PARIS (AFP) ― Stricken French auto giant Peugeot Citroen handed part control to Chinese company Dongfeng and the French state on Wednesday, winning the cash-starved company a new lease of life.
The shareholder revamp ends the 200-year-old grip of the Peugeot family dynasty and raises at least 3 billion euros just as the company posted a colossal loss for last year.
The company, the biggest auto group in France with about 90,000 employees, desperately needs new capital to climb away from near disaster and develop new technology.
It has already been effectively rescued by the French state with guarantees of 7 billion euros ($9.6 billion) for its credit arm.
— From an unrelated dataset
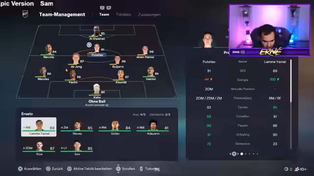 07:40:54Für das letzte Spiel des Ultimativen Duells muss ein völlig neues Team zusammengestellt werden, da Spieler nicht wiederholt werden dürfen. Dies gestaltet sich schwierig, da im Verein nur wenige passende Spieler vorhanden sind und die Chemie gering ist. Der Streamer experimentiert mit verschiedenen Ligen, um das bestmögliche Team für den Sieg und damit für die wertvollen Kudos-Belohnungen zu finden und zeigt den Prozess der Teamfindung auf.

New financing arrangements revealed on Wednesday are intended to enable it to break free of this state support.
In the new arrangement, state-owned Dongfeng, the number two automaker in China, the French taxpayer, and the Peugeot family will now each own 14 percent of Peugeot Citroen.
But Peugeot, now counting on the Chinese market to propel it to a leading position in Asia, also reported a net loss of 2.3 billion euros, although that was less than half the figure of 5 billion euros in 2012.
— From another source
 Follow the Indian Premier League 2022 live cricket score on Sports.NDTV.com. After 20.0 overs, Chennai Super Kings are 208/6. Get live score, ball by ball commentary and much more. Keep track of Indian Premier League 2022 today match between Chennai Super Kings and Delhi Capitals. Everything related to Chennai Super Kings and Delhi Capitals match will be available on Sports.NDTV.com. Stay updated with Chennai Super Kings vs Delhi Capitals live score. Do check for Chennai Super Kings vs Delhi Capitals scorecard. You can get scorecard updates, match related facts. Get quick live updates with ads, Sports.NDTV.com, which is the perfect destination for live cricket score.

The deals amount to a “major” strategic operation with the French state as a long-term partner, French Prime Minister Jean-Marc Ayrault said.
Finance Minister Pierre Moscovici said the restructuring was intended to ensure that the group survived and to open access to new markets “notably the Chinese market.”
Peugeot had undertaken not to close any more factories in France where it would produce a million vehicles per year by 2016, would invest 1.5 billion euros and retain 75 percent of research in the country, he said.
Thierry Peugeot, the outgoing chairman of the supervisory board who had fought the entry of Dongfeng, said the deals opened “a new page in the history of PSA Peugeot Citroen.”
The new-look group, will in late March be headed by new chief executive Carlos Tavares, formerly number two at the second French automaker Renault.
The company will invest in developing its unique hybrid compressed-air technology and in strengthening is position in emerging markets as well as in Europe.
Annual results on Wednesday showed that Peugeot, the second-biggest European automaker after Volkswagen of Germany, staunched the outflow of cash which was bleeding it towards a slow death.
In 2012 it had consumed 3.0 billion euros of cash, but reduced this last year to a still huge 426 million euros and hoped to show net cash generation by
2016 at the latest, it said.
The deals offer the group a chance to break out of excessive dependence on the European market which nearly strangled it during the recent downturn.
Shares in the group jumped by 7.88 percent initially, but then turned into negative territory falling 1.56 percent to 12.31 euros in late trading.
The group, criticized by a government enquiry for missing opportunities of globalization, declared that this new chapter would accelerate “its globalization and emerging markets expansion strategy, while reinforcing its financial strength.”
In the deal, the Peugeot family ― which has controlled the firm since its founding in 1810 as a maker of coffee mills and bicycles ― loses a 25-percent stake and 38-percent voting rights.
Current chief executive Philippe Varin said the group would retain its 51.70-percent control of French car-parts maker Faurecia.
The final deal is expected to be signed at the end of next month during a visit by Chinese President Xi Jinping to Paris.
Dongfeng Motor Corp., founded in 1969 and whose name means “East Wind”, sold 3.53 million vehicles in China in 2013, giving it a 16-percent market share. It also has links to Renault.
At Peugeot’s historic Sochaux plant in the eastern Franche-Comte region, workers welcomed the reorganization but expressed fears the deal would eventually see their jobs relocated to China.
But “if it saves our bacon, that’s a good thing,” said Christian, 57, one of the factory’s 11,500 workers.